Strategie colturali e metodi fisici per il controllo dei parassiti della vite

Le alternative biotecnologiche agli insetticidi come la confusione sessuale e il controllo biologico con antagonisti naturali rappresentano già strumenti preziosi e consolidati. Tuttavia, la vera svolta potrebbe arrivare da un approccio più olistico

07 settembre 2026 | 15:00 | R. T.

La salute futura di un vigneto si decide in larga parte ancor prima di mettere a dimora le barbatelle. Il luogo scelto per l'impianto gioca un ruolo determinante nel definire la pressione esercitata da numerosi insetti e acari dannosi. Il clima, in particolare, è un fattore cruciale: temperature medie più elevate favoriscono un numero maggiore di generazioni annuali per specie multivoltine come la tignoletta della vite (Lobesia botrana) e la cicalina verde (Empoasca vitis). Con il riscaldamento globale, queste specie stanno espandendo la loro area di diffusione verso nord, aumentando la loro dannosità in aree un tempo marginali. La siccità, inoltre, può esacerbare i sintomi dei danni, come nel caso delle cicaline, rendendo la pianta più vulnerabile.

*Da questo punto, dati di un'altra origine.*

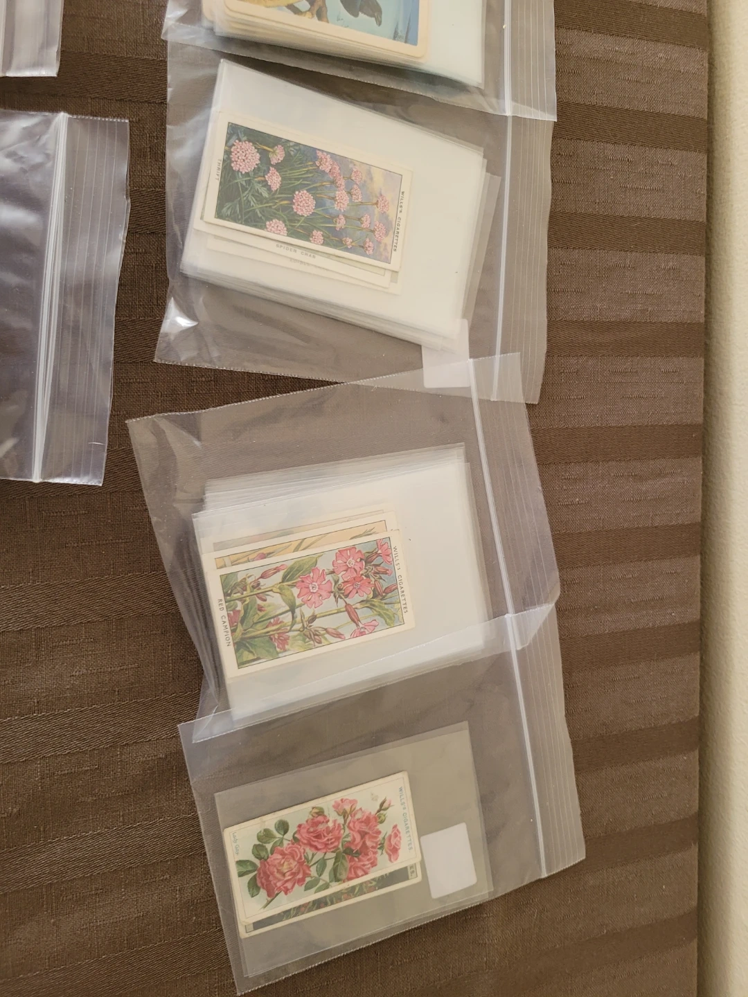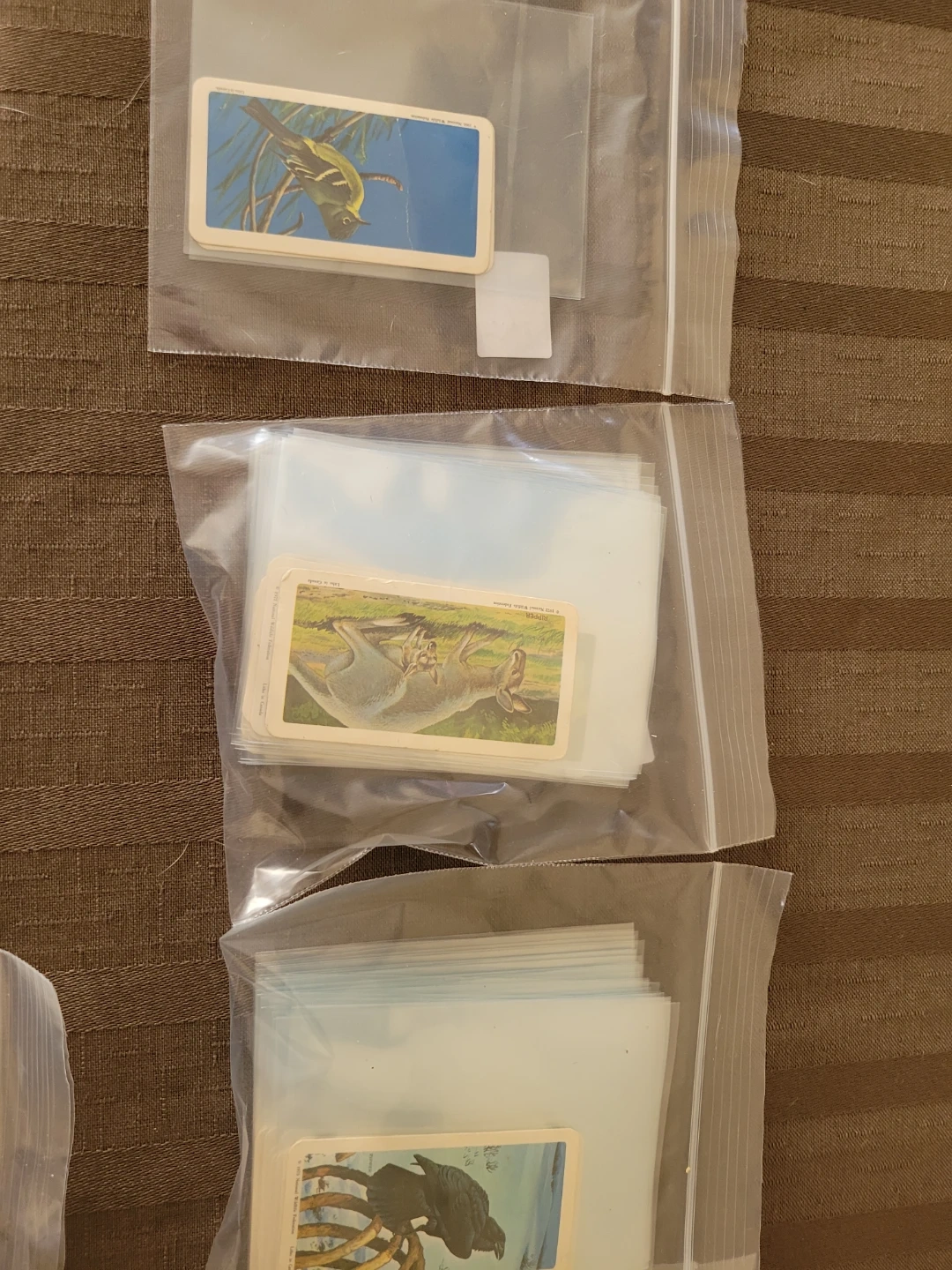 Collection of vintage illustrated trading cards featuring birds, butterflies, and flowers. Cards appear to be from various sets and brands. They're protected in individual plastic sleeves. A neat find for collectors!

Ma non è solo il clima a contare. Anche il paesaggio circostante e la posizione del vigneto, come l'esposizione e la vicinanza a boschi o prati, influenzano l'incidenza di parassiti specifici. I vigneti terrazzati o quelli confinanti con aree boschive, ad esempio, sono più esposti ai danni delle nottue (Noctua spp.), i cui bruchi erodono germogli e gemme. La scelta di un'area pianeggiante, ben esposta e lontana da fonti di infestazione, quando possibile, rappresenta quindi la prima, fondamentale forma di difesa passiva.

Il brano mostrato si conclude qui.